Last year when they had both seemed so much younger they had spent hours flying the kites, two big box-kites that Hughie's father had made with the same craftsman's skill he brought to his sailmaking. They were beautiful machines, and for a while Luke had liked nothing better than to be at the end of a string and to feel the gentle tugging of the birdlike creation that was three hundred feet up under the ceiling of cloud and gently afloat, or plunging in the breeze—feeling it as another freer self, almost angelic, and with a will of its own. No other activity he knew gave him such a clear sense of being both inside his own compact body and far outside it. You strained, you held on, the plunging was elsewhere.
Hughie was delighted to drag the kites out of the back room where they had been gathering dust for the past months and to check and re-wind the strings. He did it quickly but with great concentration.
He tied the sleeves of a light sweater round his waist and they were off.
Twenty minutes later the kites with their gaudy tails were sailing high over the rocky little park on the Point and far out over the water. Luke too had removed his shirt and was running over the grass, feeling the kite tug him skyward: tug, tug. He could feel the sky currents up there, the pure air in motion, feel its energy run all the way back along the string into his gorged hands. It took him to the limits of his young strength.
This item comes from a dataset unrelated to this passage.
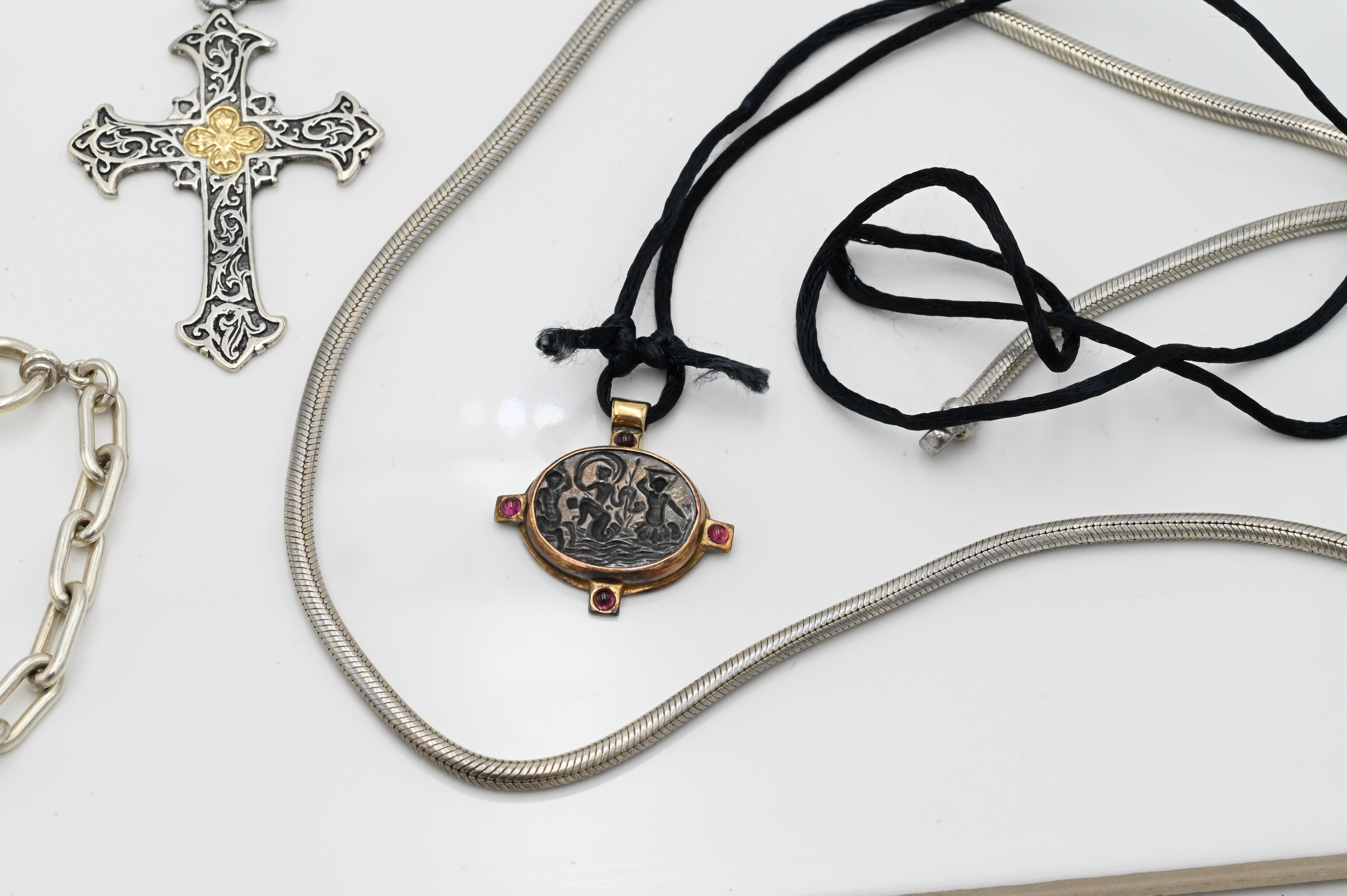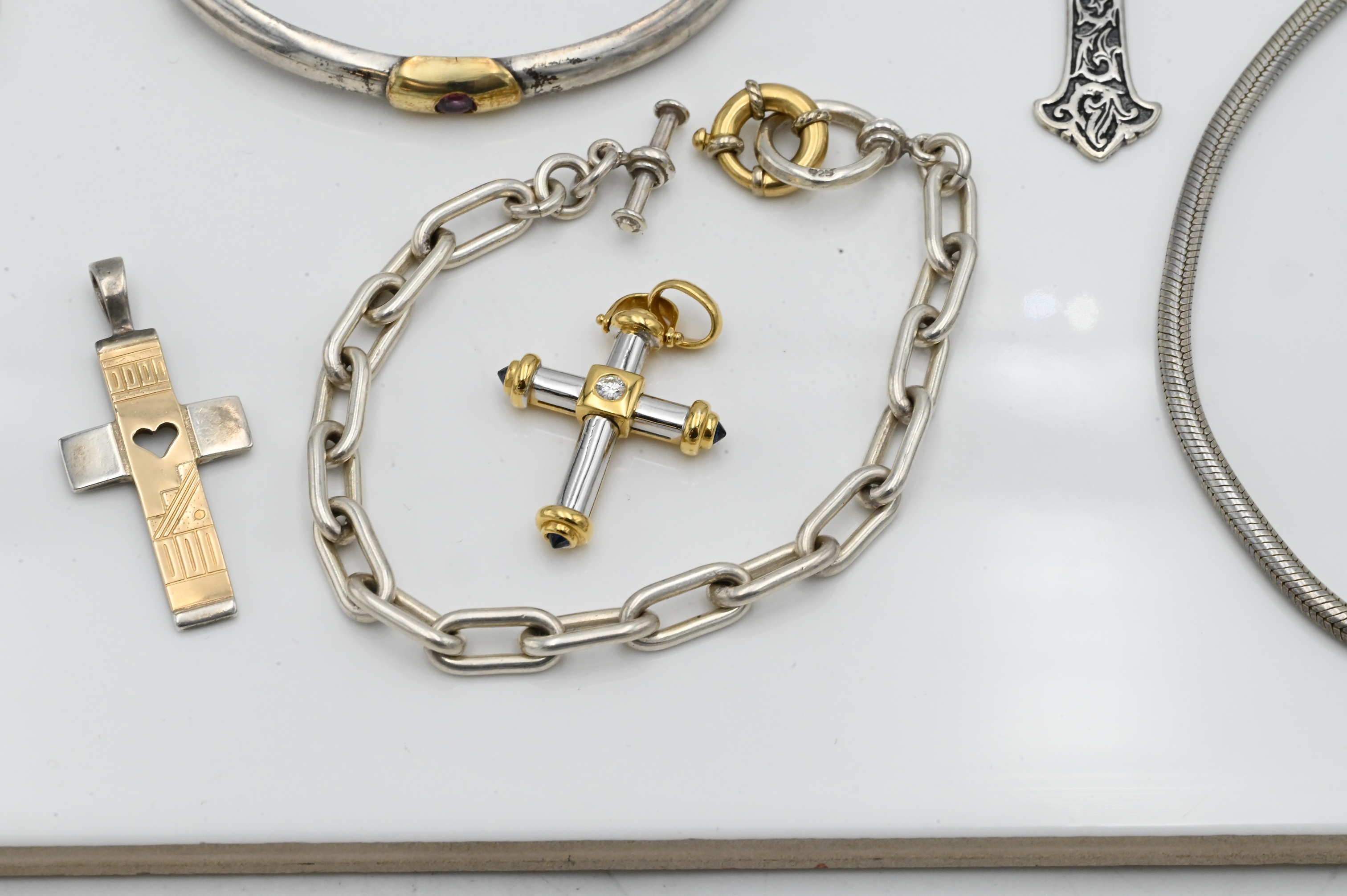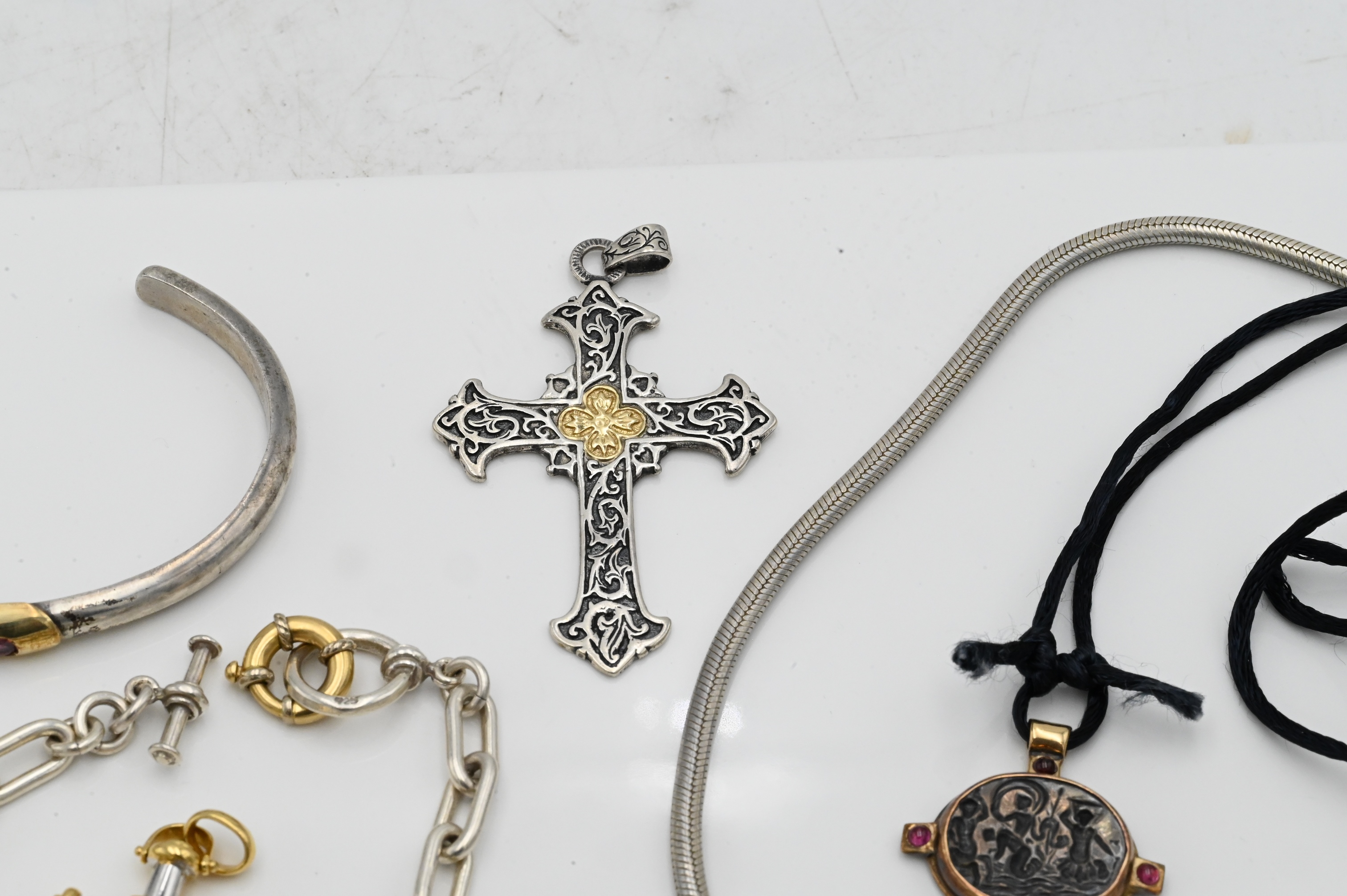 Lot 78: Group of Silver Mounted with Gold Jewelry

“This is great,” Hughie was shouting as if they had suddenly stepped back a year. “Feel that? Isn't it unreal?”
They let their animal selves loose and the great kites held and sustained them.
“What really shits me,” Luke said later when they had drawn the machines in, wound the strings, and were lying stretched in the shade, "is that no one has the guts to be what they pretend to be. You know what I mean? My father pretends to be a big businessman. He makes deals and talks big but it scares the hell out of him, and at the weekend he pretends to be the skipper of a boat. He gets all dressed up in his whites and does a lot of shouting but all the time he's terrified a storm'll blow up or he'll ram someone or that Michael wi
ll fall in and get drowned. People are all the same. You can see it. Scared you'll call their bluff. It makes me puke.”
Hughie looked puzzled. Luke worried him. Most of the time he was just like anyone, the way he was when they were flying the kites: then suddenly he'd speak out, and there was more anger in what he said than the words themselves could contain.
“So?” he said.
“So someone, sometime, has to go through with it.”
“How do you mean?”
Luke set his mouth and did not elaborate, and Hughie, out of loyalty to an old understanding between them, did not push for an answer.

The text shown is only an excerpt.